--- Assignment ---
For the data that follows, print the line with "알루미늄 합금 양면 발광", the line with "9月12日,在四川省閬中市閬", and all lines between them, exactly as they stand. Omit pictures and add nothing.

--- Data provided ---
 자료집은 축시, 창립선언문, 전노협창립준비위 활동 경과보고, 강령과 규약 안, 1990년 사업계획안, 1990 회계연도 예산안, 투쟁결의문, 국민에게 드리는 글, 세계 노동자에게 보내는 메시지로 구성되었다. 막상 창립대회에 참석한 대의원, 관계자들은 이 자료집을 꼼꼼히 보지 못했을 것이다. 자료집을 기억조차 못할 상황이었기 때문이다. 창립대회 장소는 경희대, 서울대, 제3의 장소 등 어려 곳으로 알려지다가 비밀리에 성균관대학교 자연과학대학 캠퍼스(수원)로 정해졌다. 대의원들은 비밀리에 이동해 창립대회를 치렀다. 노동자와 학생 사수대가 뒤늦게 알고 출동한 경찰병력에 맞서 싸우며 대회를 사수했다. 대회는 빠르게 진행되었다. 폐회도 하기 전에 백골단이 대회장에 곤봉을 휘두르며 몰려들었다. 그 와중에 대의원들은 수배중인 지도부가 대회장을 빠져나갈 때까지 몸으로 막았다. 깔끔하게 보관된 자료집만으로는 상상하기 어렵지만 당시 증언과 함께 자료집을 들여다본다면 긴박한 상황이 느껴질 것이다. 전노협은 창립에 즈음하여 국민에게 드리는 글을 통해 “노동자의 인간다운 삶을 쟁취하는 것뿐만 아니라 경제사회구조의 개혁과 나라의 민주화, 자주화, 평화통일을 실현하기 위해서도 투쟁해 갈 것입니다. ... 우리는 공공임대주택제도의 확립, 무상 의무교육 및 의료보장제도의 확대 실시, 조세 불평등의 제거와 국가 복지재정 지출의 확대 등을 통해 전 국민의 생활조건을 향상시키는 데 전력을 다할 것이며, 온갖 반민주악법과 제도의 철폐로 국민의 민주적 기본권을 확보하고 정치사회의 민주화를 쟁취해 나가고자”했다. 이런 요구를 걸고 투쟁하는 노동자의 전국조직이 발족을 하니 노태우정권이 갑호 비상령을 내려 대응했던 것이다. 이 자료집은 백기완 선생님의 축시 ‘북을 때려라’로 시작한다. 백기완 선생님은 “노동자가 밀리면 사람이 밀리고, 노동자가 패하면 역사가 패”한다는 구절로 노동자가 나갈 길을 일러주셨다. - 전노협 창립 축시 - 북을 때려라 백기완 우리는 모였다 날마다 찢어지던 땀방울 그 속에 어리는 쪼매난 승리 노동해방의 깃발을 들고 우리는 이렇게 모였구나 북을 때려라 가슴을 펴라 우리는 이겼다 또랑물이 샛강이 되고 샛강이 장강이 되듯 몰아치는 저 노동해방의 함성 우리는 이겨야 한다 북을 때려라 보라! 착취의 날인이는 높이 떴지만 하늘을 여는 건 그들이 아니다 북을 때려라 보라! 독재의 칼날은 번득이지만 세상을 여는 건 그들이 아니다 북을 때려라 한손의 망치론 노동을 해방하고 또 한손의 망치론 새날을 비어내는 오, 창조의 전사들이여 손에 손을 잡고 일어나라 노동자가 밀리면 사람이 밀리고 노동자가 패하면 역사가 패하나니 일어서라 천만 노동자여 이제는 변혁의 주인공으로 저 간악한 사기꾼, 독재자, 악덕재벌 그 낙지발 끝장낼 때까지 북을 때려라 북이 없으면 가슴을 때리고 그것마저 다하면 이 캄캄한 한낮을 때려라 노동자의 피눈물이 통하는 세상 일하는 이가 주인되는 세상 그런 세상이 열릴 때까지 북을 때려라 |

--

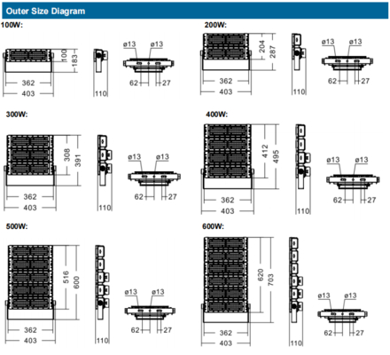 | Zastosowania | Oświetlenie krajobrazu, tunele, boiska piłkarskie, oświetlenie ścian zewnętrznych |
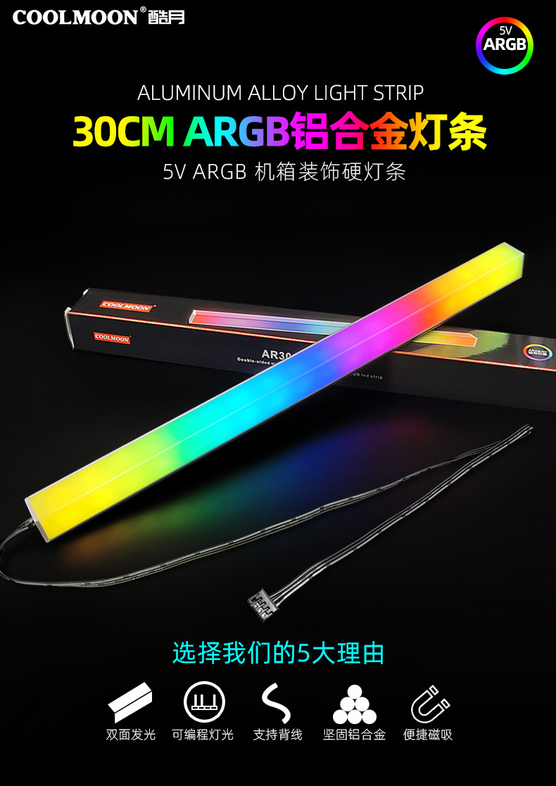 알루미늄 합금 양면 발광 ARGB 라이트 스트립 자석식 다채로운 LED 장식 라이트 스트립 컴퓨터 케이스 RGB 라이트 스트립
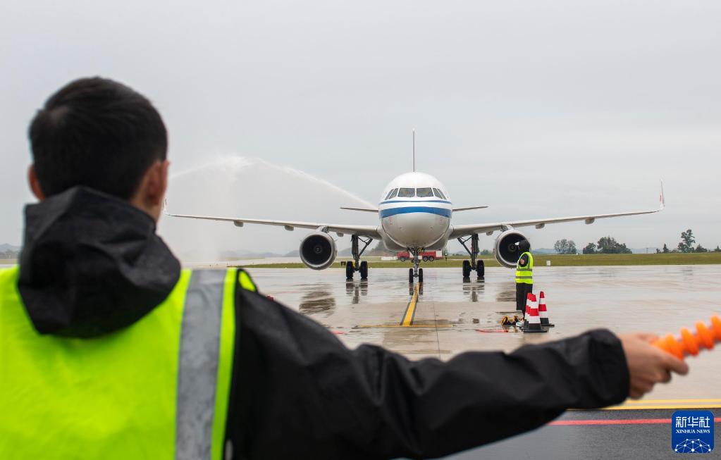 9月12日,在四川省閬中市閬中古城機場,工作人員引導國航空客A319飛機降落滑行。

--- Reply to the exercise ---
 알루미늄 합금 양면 발광 ARGB 라이트 스트립 자석식 다채로운 LED 장식 라이트 스트립 컴퓨터 케이스 RGB 라이트 스트립
 9月12日,在四川省閬中市閬中古城機場,工作人員引導國航空客A319飛機降落滑行。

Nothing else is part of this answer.